Why Data Visualization is One of the Hardest but Most Important Tasks
Data visualization is an important part of a data scientist’s work—a picture is worth a thousand words! Even though we live in an era of big data and data-driven decisions, the truth is that, without data visualizations, we’d be largely lost scrolling through endless rows of numbers in spreadsheets. After all, less than 20% of the world’s population was literate only 200 years ago—but images have been powerful communication tools for tens of thousands of years.
Even in today’s highly literate world, most people still struggle to grasp the relationships between tables full of numbers. In this year’s State of Data Science survey, only 52% of respondents said that their organization’s decision-makers were mostly data literate. Against this backdrop, it makes sense that data visualizations can play a key role in communicating important concepts and trends. Even if data visualizations are a (relatively) newer development, history has shown their potential for significant impact on our lives. Perhaps that’s why data scientists today say they spend 15% of their time on visualizations.
At the same time, data visualizations aren’t a one-stop, silver-bullet solution for communicating the findings of data science work. Even for experienced practitioners, they can be tricky to do well. And given the effectiveness with which charts or graphics can lodge in our brains, if they don’t accurately or effectively represent the underlying data, there can be negative consequences.
To better understand where things can go wrong with data visualizations—and how to avoid those pitfalls—it’s helpful to break data viz down into two main types. The first is exploratory visualization: this is when data scientists use visualization tools in order to better understand their data, prior to drawing any conclusions or conducting a full analysis. The second is narrative visualization: this is what data scientists use to present or communicate their findings to a wider audience. Each type has its own potential challenges.
Exploratory data visualizations
With the advent of big data, exploratory data visualization became a key part of the data science process. When dealing with hundreds of thousands, millions, or billions of data points, it becomes impossible for an individual to find patterns and distributions in the dataset by simply staring at the individual values or by computing simple statistics. As a result, practitioners turn to data viz in order to grapple with their data and explore further analytical avenues. Unfortunately, traditional viz methods require careful manual tweaking to avoid problems like overplotting, undersaturation, and oversaturation, and manual tweaks are difficult to do safely when your only way to understand the data is through the visualization itself! If you’re using traditional viz techniques for exploratory analysis of big data, plotting problems that are just annoying for small data can lead you to completely incorrect conclusions for big data.
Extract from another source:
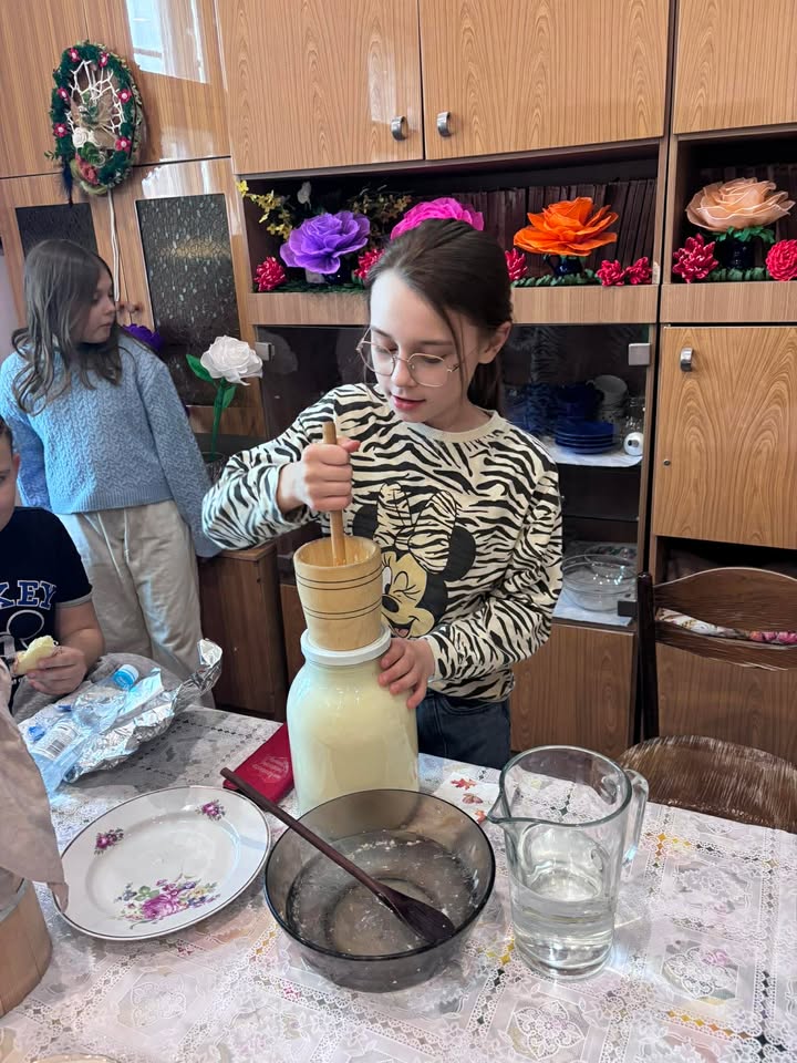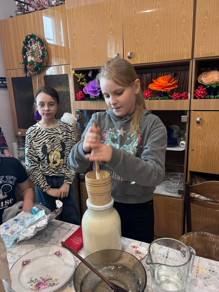 Uczestnicy wydarzenia wzięli udział w warsztatach tradycyjnego robienia masła, poznając dawne metody pracy i mogąc własnoręcznie spróbować tej niecodziennej czynności. Świeżo ubite masło można było następnie skosztować z pyszną drożdżówką.

To avoid these issues, it’s important to be cognizant of the limitations of any tools you’re using with exploratory data visualizations and to think critically about how the display of the information is impacting your assessment of it. One of the reasons why we created Datashader several years ago was to help tackle this challenge. Datashader is an open-source library that automatically creates accurate representations of datasets of any size, without the need for manually tuning parameters like transparency or point sizes. Our goal with Datashader is to let practitioners explore their large datasets as they truly are, warts (well, outliers!) and all, without having to know what they’re looking for at the start.
Whether you use Datashader or another tool, the key to avoiding problems with exploratory data visualization is to make sure that you’re not squeezing the texture and nuance out of your data as you subconsciously try to make it match a preconceived hypothesis.
Narrative data visualizations
These types of data visualizations are what non-practitioners would be most familiar with, as they include the charts and graphs we see regularly to explain data-based trends and patterns. Data visualizations like these are incredibly powerful tools for communicating information, which is what makes it so important to do them well.
A great narrative data visualization communicates the author’s understanding of the data precisely, while also conveying any uncertainties or limitations in the data. It’s not the sole output or end product of a data discussion, but rather a part of the larger conversation. This type of data viz should indicate the analysis performed, the assumptions made, the data considered, and the data not included. When constructing a narrative data visualization, it’s important to think not just about your own experience but also about the end user. For instance, they may be colorblind, and unable to distinguish red from green. Also, consider the aesthetics of a narrative data visualization; for instance, in the U.S., many viewers will associate green with “good.”
Being intentional with narrative data visualizations is especially important given the myriad ways to make today’s graphs look visually appealing, such as with fancy graphics or animations. It’s essential to not skip over a quality data-science process in the quest to create these visualizations—there are infinite ways today to put lipstick on a pig when it comes to data viz, but if the core data or assumptions are flawed, then it doesn’t matter how good the chart looks. Accuracy shouldn’t be sacrificed for the sake of a clear, visual story.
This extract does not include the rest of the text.